第3ステージ（Thinking Mode Fusion）では、思考モードごとに（Thinking ModeとNon-Thinking Modeで）、Chatテンプレートを以下のように切り替えたトレーニングデータを用意してSFTを行いました。

Thinkingの場合の学習データとNon-Thinkingの場合の学習データには以下の違い・特徴があります。
Thinking:

ユーザークエリもしくはシステムプロンプト（下表では省略）にて"/think"フラグを追加
- 一部"/think"フラグを入れないデータも用意する（事前学習で推論モデルになるように学習しているのでdefault（タグ無）ではthinkingするようにする）
推論過程を入れたthinkタグ

Non-Thinking:

ユーザークエリもしくはシステムプロンプト（下表では省略）にて"/no_think"フラグを追加
空のthinkタグ

Thinking と Non-thinking の両方:

複雑なマルチターンの会話に、"/think"フラグと"/no_think"フラグの両方をランダム複数個に挿入し、会話中の最新のフラグに従って出力を返す

このようなデータセットを用いて、二つのモードの使いわけをモデルに学習させました。

また、Thinkタグを出力するように学習したことで、Thinking Budget（全出力トークンの上限）のコントロールがルールベースできるようになりました。Thinking Budgetを設定したうえで一度生成させます。その際、出力トークンが上限を下回ったらそのまま回答に用います。一方、出力トークンが上限を上回ったら、出力トークン中のThinkタグの有無をチェックし、Thinkタグがあればその出力トークンをインプットに続きを生成し、Thinkタグがなければその出力トークンにThinkタグ（と思考をクローズするコメント）をつけてインプットにして続きを生成させます。このようにThinking Budget内で出力を完結できなかった場合は、2段階目の生成で追加のThinkingなしで回答を出させるようにすることでThinking Budgetをきかせています。厳密に、思考のトークン数のみを制限してない点は注意点だと思います。
言葉だとわかりにくいので、Thinking Budgetを導入する際のコーディング方法を参考にするのが良いです。

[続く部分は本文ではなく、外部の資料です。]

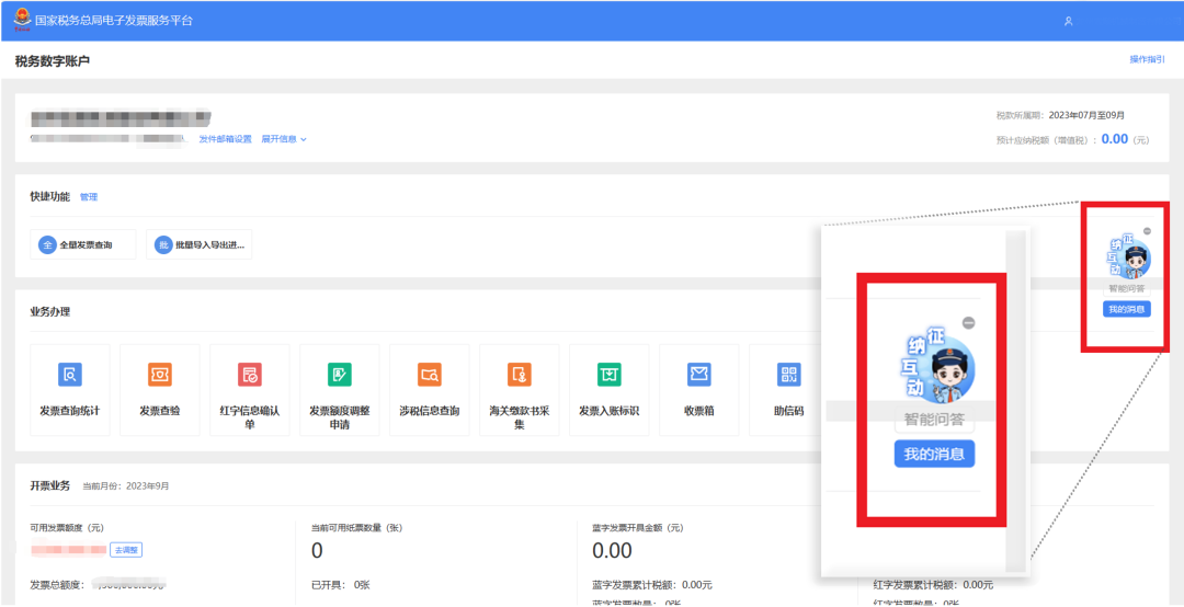 以下以“税务数字账户”为例,跳转税务数字账户界面,在界面右侧“悦悦小浮窗”图标下方点击【我的消息】模块跳转。

Thinking Budgetを上げていくことで、Thinking Modeでは推論が重要なタスクでの性能向上が確かにみられています（下図）。

「思考モードの統合を行うことで（明示的に学習していないが）思考が途中の状態で切り上げてもうまく回答ができるようになった」（意訳）とありますが、本当に統合が大事なの？Thinking Modeの学習だけで十分じゃないの？と思ってしまいます。Thinki Modeに特化したモデルも公開されているので、このモデルでもThinkig Budgetがうまく機能するかみたいところです。

意訳前の原文
An additional advantage of Thinking Mode Fusion is that, once the model learns to respond in both non-thinking and thinking modes, it naturally develops the ability to handle intermediate cases—generating responses based on incomplete thinking.

第4ステージ（General RL）

第4ステージ（General RL）では、20種類以上のタスクでRLを行いました。その中に、指示追従（Instruction Following）とフォーマット追従（Format Following）能力を評価するタスクがあります:

原文抜粋
• Instruction Following:
This capability ensures that models accurately interpret and follow user instructions, including requirements related to content, format, length, and the use of structured output, delivering responses that align with user expectations.
• Format Following:
In addition to explicit instructions, we expect the model to adhere to specific formatting conventions. For instance, it should respond appropriately to the /think and / no think flags by switching between thinking and non-thinking modes, and consistently use designated tokens (e.g., and ) to separate the thinking and response parts in the final output.

これらのタスクで学習することにより、思考モードの統合がよりうまくいくようになりました（下表）。

ThinkFollowが思考モードの統合に関するタスクです。マルチターンの対話でランダムに/think or /no_think flagを入れたときに、そのフラグに応じて思考モードをの切り替えがうまくいくか評価しています。ステージ3で思考モードの切り替え能力が一定身に付き、ステージ4でより向上しています。ただ、100%ではなくうまく思考モードを切り替えられないケースもあります。

gpt-oss: Reasoning Effortの導入

参考情報

Reasoning effort と RL

2.5 Post-Training for Reasoning and Tool Use
After pre-training, we post-train the models using similar CoT RL techniques as OpenAI o3. This procedure teaches the models how to reason and solve problems using CoT and teaches the model how to use tools. Because of the similar RL techniques, these models have a personality similar to models served in our first-party products like ChatGPT. Our training dataset consists of a wide range of problems from coding, math, science, and more.

2.5.2 Variable Effort Reasoning Training
We train the models to support three reasoning levels: low, medium, and high. These levels are configured in the system prompt by inserting keywords such as "Reasoning: low". Increasing the reasoning level will cause the model’s average CoT length to increase.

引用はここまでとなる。